The complexity of the city is increasing due to the impact of recent devcelopments in information and communication technology which is leading to changes in urban development processes, in demographic composition, in cultural and political life. This increasing complexity calls for a new integrative framework for thinking about the development of the cities.

The use of systems view in sociology i.e. in human systems goes back to 1950's and to in planning it is in 1970's. Systems theory suggests that the definition, classification, are needed for understanding and simplification. Forrester's study on Urban Dynamics indicates that, System Dynamics is not merely a technique to provide solutions to provide solutions to specific problems that have been formulated, but it acts as a system methodology which determines the whole style of problem definition, qualitative analysis and change analysis in systems.
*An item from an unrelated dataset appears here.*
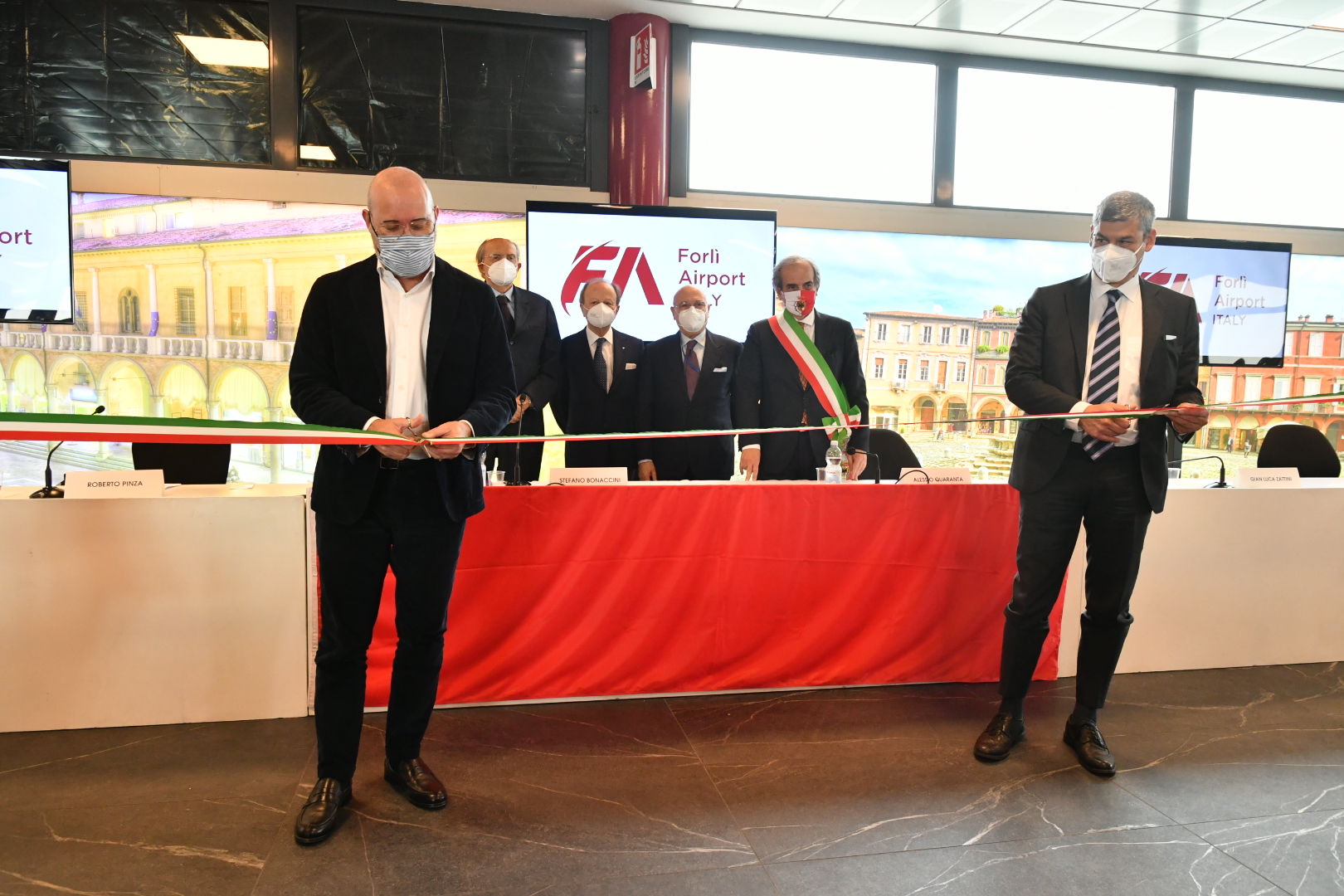 Presente il presidente della Regione, Stefano Bonaccini, col il sindaco di Forlì, Gian Luca Zattini, ilpresidente di Forlì Airport, Giuseppe Silvestrini, il vescovo della diocesi Forlì – Bertinoro, Monsignor Livio Corazza, e, collegati da remoto, la ministra delle Infrastrutture e dei Trasporti, Paola De Micheli, e il direttore generale Enac, Alessio Quaranta.
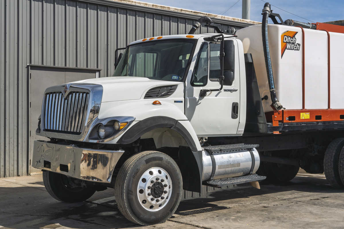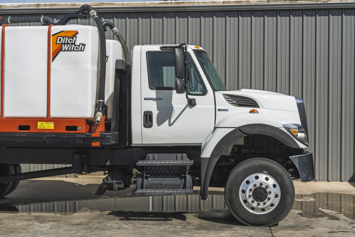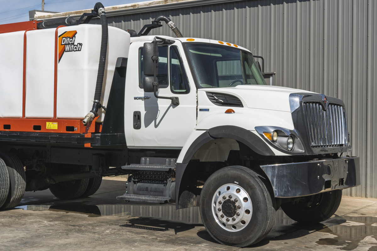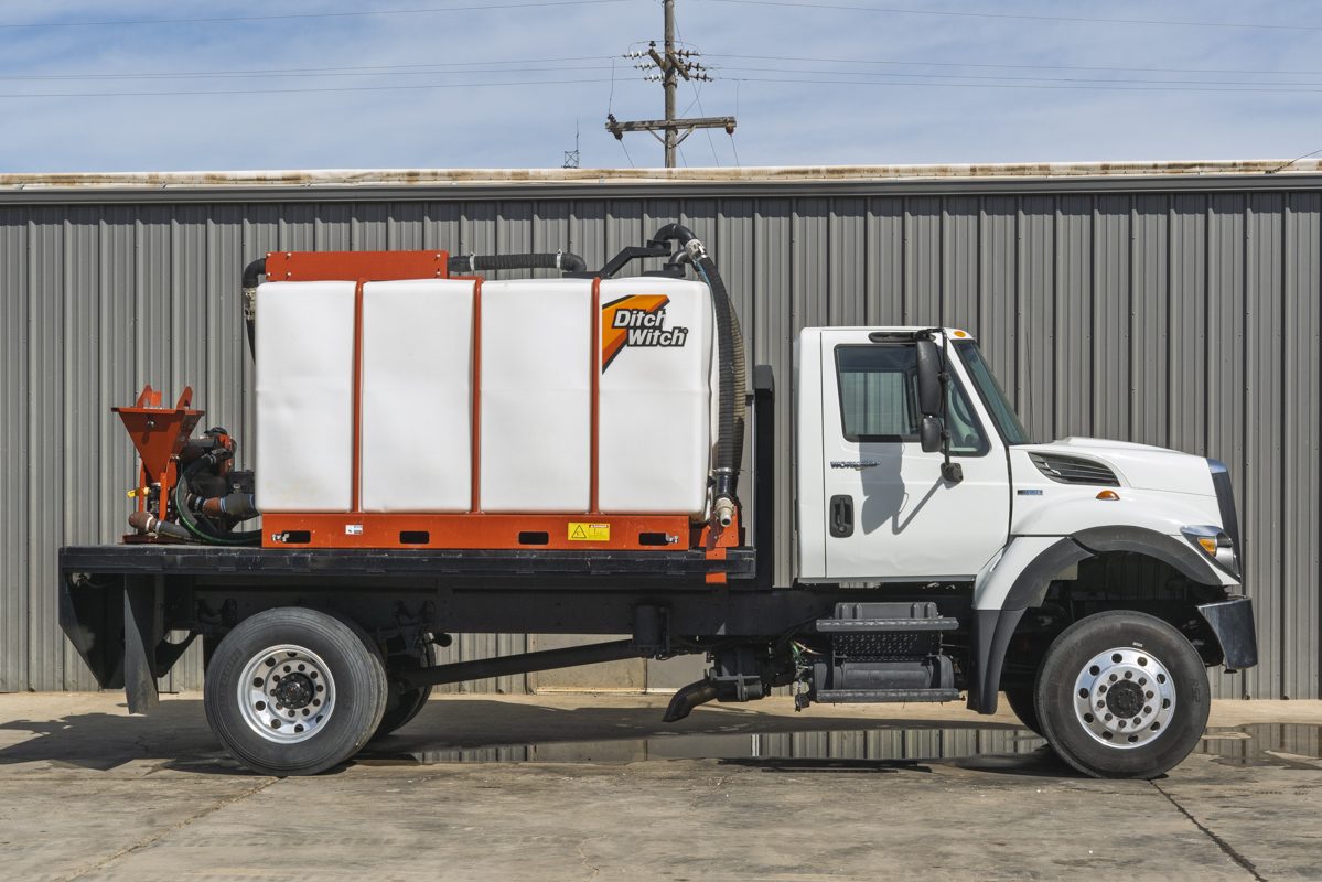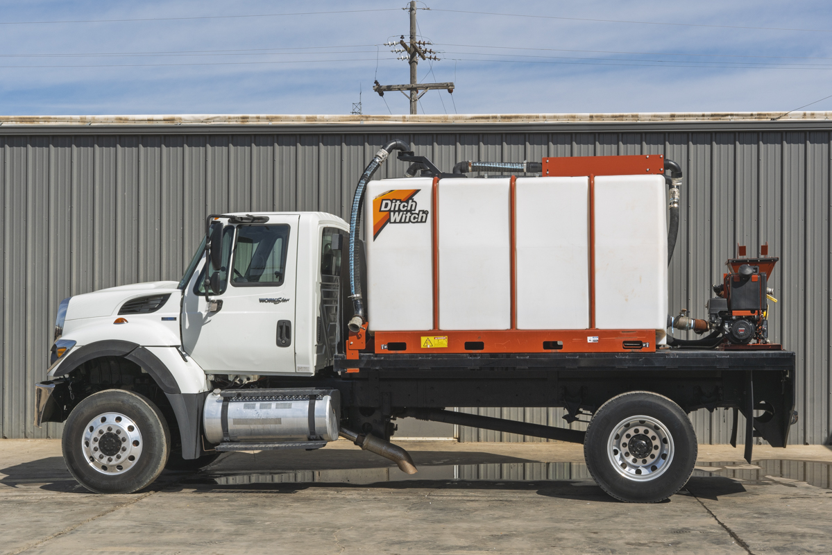 2011 International WorkStar 7500 4WD flat-bed mud mixing truck with 149,531 miles. This 2011 International WorkStar 7500 4-wheel-drive mud truck is powered by a 310 horsepower MAXXFORCE 10 9.3 liter diesel engine w/ 10-speed Eaton transmission, and rides on polished aluminum wheels. This mud truck has a 2021 Ditch Witch FM13x (SKU # 9300-811) mud mixing system with 405 hours, and two Ditch Witch 1,000-gallon tanks mounted on it's 14' flatbed.

This paper presents the case of urban planning as an example of systems thinking and system dynamics in urban and regional planning. It will be argued in this paper to use System Dynamics as a tool in planning rather than accepting all the predicitons of the original Urban Dynamics Model.

Key Words: systems view of planning, urban dynamics, systems philosophy.

SYSTEMS ANALYSIS AND SYSTEMS THEORY

The system is defined as an interacting, and goal directed set of object's taking place in an environment. The city is a system capable of counter intuitive responses which can properly understood and controlled only if the interaction between the basic urban sub-systems are taken into consideration properly. In other words, the main question is not to better understand the individual sub-system (population, service, industry), but to understand how they act together, how they are harmonized into this entity we call a city.

An urban region can be regarded as a complex socio-economic system. The essential characteristics of such a system are that; firstly, they contain a large number of variables, and secondly, many of the variables and sub-systems are connected by feedback relationships. The interconnections.between the sub-systems give rise to the dynamic behaviour of urban systems. The dynamic nature of urban systems also derives from the fact that the feedback relationships operate over time. A basic requirement of a realistic simulation therefore must be ability to incorporate time as a variable in the structure of the model, in order to be able to trace the performance or behaviour of the system through time.

Batty (1980) argues that, the tension between what is possible in systems analysis and what is demanded by a systems approach, has actually sustained the development of a systems theory in planning.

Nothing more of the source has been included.